We’ve had drops from @bicdelou  but bad weather grounded all air craft until just a few hours ago.
Jeff Schultz's amazing photo

We had a little incident crossing a ice bridge over Dalzell Creek. After the leaders had crossed the packed bridge the under-footing was compromised. Woofie Monster  found himself chest deep in the stream.  I scrambled to the tippy top of the sled looking for a quick exit toward a more stable stream bank. At that moment the water sounded like a wild raging flood. But the shock of the icy water did not deter Woofie Monster’s forward momentum. He kept pulling and we popped out the other side. A quick shake off and a few wide-eyed stares at each other and we mutually acknowledged we survived. Woofie Monster asked me to check on the hedgehog’s condition. Finding the spitty dog toy safely dry (sort of) we continued on the trail.

It is a good day to rest.  The winds have been blowing like stink and the trail has been a little deep.  The masses rested in the tiny town of Takotna.  FYI: One of the largest TV satellite dishes I have every seen is located in this town. It’s so big it could draw in alien TUNA.

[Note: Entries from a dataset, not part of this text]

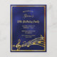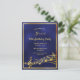 Na frente: Um cartão de convite de festas moderno e moderno para homens. Um fundo azul escuro, azul marinho. A cor azul é irregular. Com uma falsa imagem de ouro e notas musicais, letras coloridas de ouro. Modelos para informações sobre a sua parte. Fundo branco. Dica: Se você não quiser que pareça um cartão postal, clique em personalizar, vá para o verso e remova o divisor e o carimbo de posto.
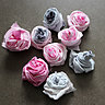 - Réalisez les roses : enroulez les bandes de soie sur elles-mêmes, puis fixez-les à l’aide du pistolet à colle sur le haut et tout le long du serre-tête.
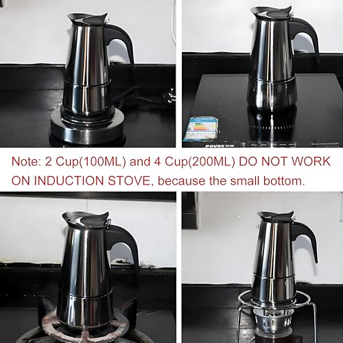 - Designed for a 4-cup (200 ml) capacity, it targets espresso lovers seeking a rich, aromatic brew, while acknowledging smaller sizes do not work on induction.
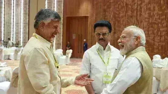 నీతి ఆయోగ్ గవర్నింగ్ కౌన్సిల్ సమావేశంలో ఏపీ సీఎం చంద్రబాబు నాయుడుపై ప్రధాని నరేంద్రమోదీ ప్రశంసలు కురిపించారు. వికసిత్ భారత్-2047, స్వర్ణాంధ్రపై చంద్రబాబు నివేదిక ఇచ్చారు. 2.4 ట్రిలియన్ డాలర్ల ప్రగతి లక్ష్యంతో ఏపీ ప్రణాళికలు సిద్ధం చేసుకుంటున్నట్టు వివరించారు. ఏపీ అభివృద్ధికి సంబంధించిన అంశాలను ప్రస్తావిస్తూ బ్లూ ప్రింట్ ద్వారా సీఎం చంద్రబాబు వివరించారు. ఈ బ్లూప్రింట్ ప్రజంటేషన్పై ప్రధాని మోదీ అభినందించారు. ఇతర రాష్ట్రాలు కూడా ఆంధ్రప్రదేశ్ అమలు చేస్తున్న సంస్కరణలను అధ్యయనం చేయాలని...సీఎం చంద్రబాబు రూపొందించిన ప్రణాళిక ఇతర రాష్ట్రాలకు మార్గదర్శకంగా ఉంటుందని ప్రధాని మోడీ అన్నారు. ఈ సమావేశంలో వృద్ధిరేటు, ఉపాధి, నైపుణ్యాభివృద్ధి, రెండవ, మూడవ శ్రేణి నగరాల అభివృద్ధి వంటి వివిధ అంశాలపై చంద్రబాబు చర్చించారు. స్వర్ణాంధ్ర విజన్ 2047 ద్వారా 2029 నాటికి రాష్ట్రంలో పేదరికం లేకుండా చేయడమే లక్ష్యంగా ఉన్నామని సీఎం చంద్రబాబు పేర్కొన్నారు. పీ 4 ద్వారా ఈ లక్ష్యాన్ని చేరుకునేందుకు బలంగా సంకల్పించామని సమావేశంలో అన్నారు. వికసిత్ భారత్ 2047 సాకారంలో ఆంధ్రప్రదేశ్ రాష్ట్రం ముందుందని చెప్పుకొచ్చారు. విశాఖకు గ్లోబల్ హంగులు అద్దేలా నాలుగు జోన్ల ఏర్పాటుకు ప్రణాళికలు రచిస్తున్నట్లు చంద్రబాబు తెలిపారు. విశాఖ మోడల్ను అమరావతి, తిరుపతి, గోదావరి, కర్నూలుకు విస్తరించేలా కేంద్రం సహకరించాలని చంద్రబాబు కోరారు.
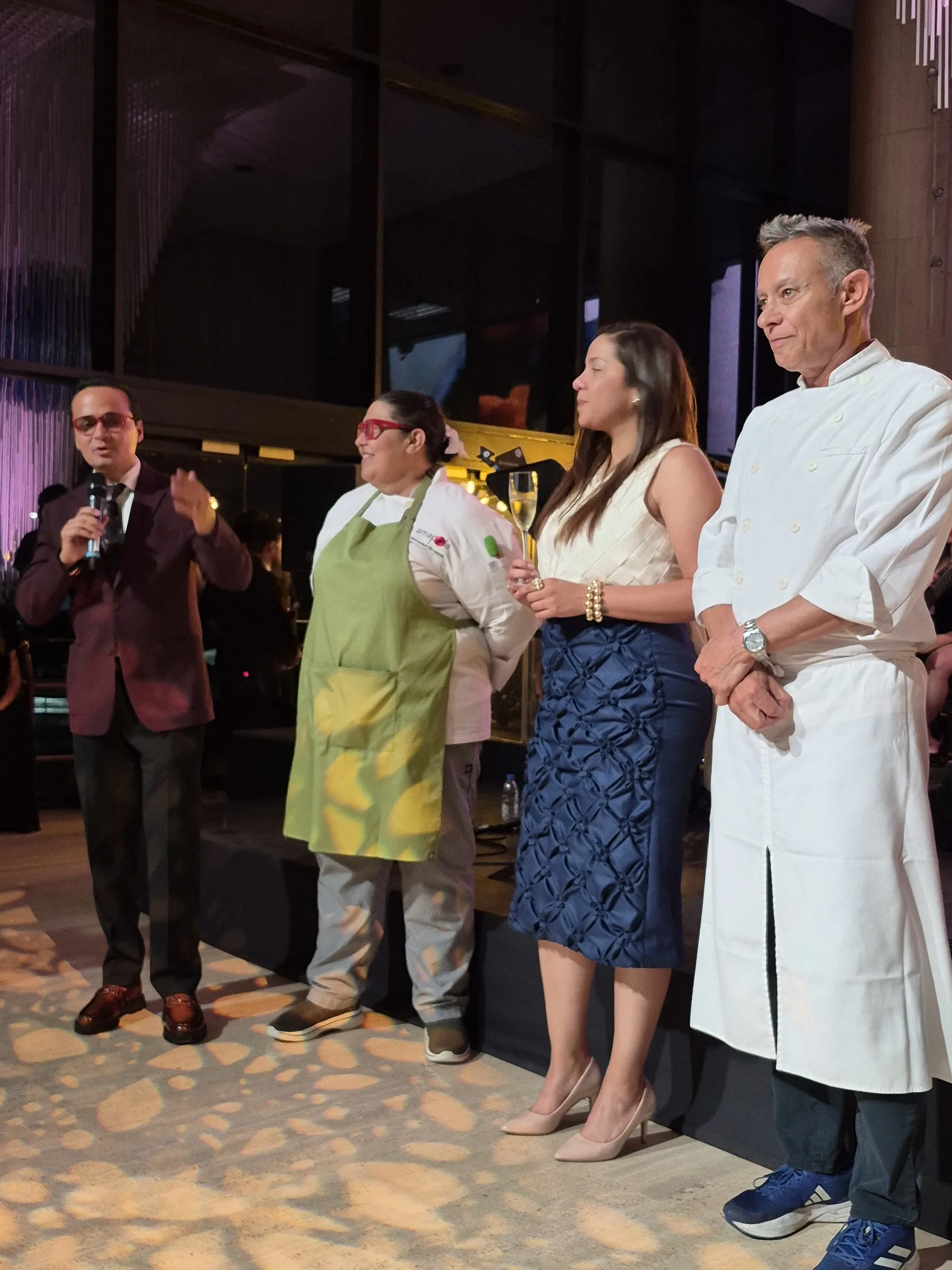 De inmediato, el servicio de camareros de Festejos Mar, en perfecto orden, procedió a servir el otro protagonista de la noche, el nuevo espumante Millésimé de Pomar Dama de Lara. Gracias a la breve cata dirigida por la enóloga Yenitza Escalona, quien orgullosamente permitió disfrutar de este gran espumante, que armonizó con el plato principal, la Curvina en corte de churrasco sobre risotto de parmesano, napado con salsa de carne y hongos porcini deshidratados. Dama de Lara demostró su elegancia, estructura y potencia.
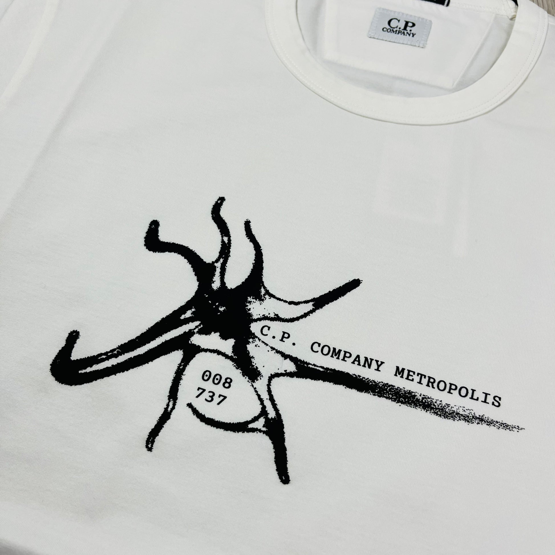 Gauze White CP Company Metropolis T-shirt with black printed logo across the chest
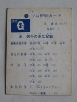 トップ > カルビープロ野球カード > 73年 > No.1〜99 > 73009 カルビープロ野球カード 1973年 No.9 巨人 王貞治 旗版 並下品
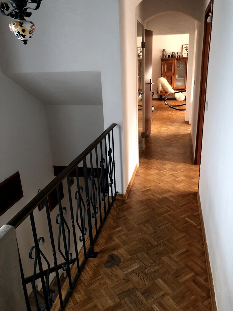 Das Gebäude ist momentan aufgeteilt in eine Ferien- bzw. Mietwohnung im Erdgeschoss (80 Quadratmeter) eine Mietwohnung im vorderen Ober- und Dachgeschoss (150 Quadratmeter) mit Dachterrasse. Sowie einem Wohnbereich über insgesamt 270 Quadratmeter (über drei Ebenen) - ohne den großen Balkon und den ausgedehnten Wintergarten (jeweils entlang der hinteren Gebäudeseite in Richtung Süden) mitzurechnen. Der Wintergarten übernimmt im Winter wie im Sommer seine Funktion als Dämmung und hält die Wärme im Haus bzw. im Sommer aus dem Haus.

I don’t understand how or why some dogs run away from their sleds. One dog ran from the Jamacian musher, Newton Marshall. Despite an attempted round up the canine by the trail committee the dog disappeared and the poor chap had to scratch from the race. Among the rookies give credit to a young Norwegian who has boldly moved within the top 12.  Go Joar Leifseth Ulsom. The 26 year old won the Nadezhda Hope Race in Russia, considered the toughest race on the Eurasian continent. Watch him!

The biggest challenge is yet ahead. Blasting winds off the Bering Sea. I might have to put rocks in my pockets to keep from blowing away.  Oh, got no pockets!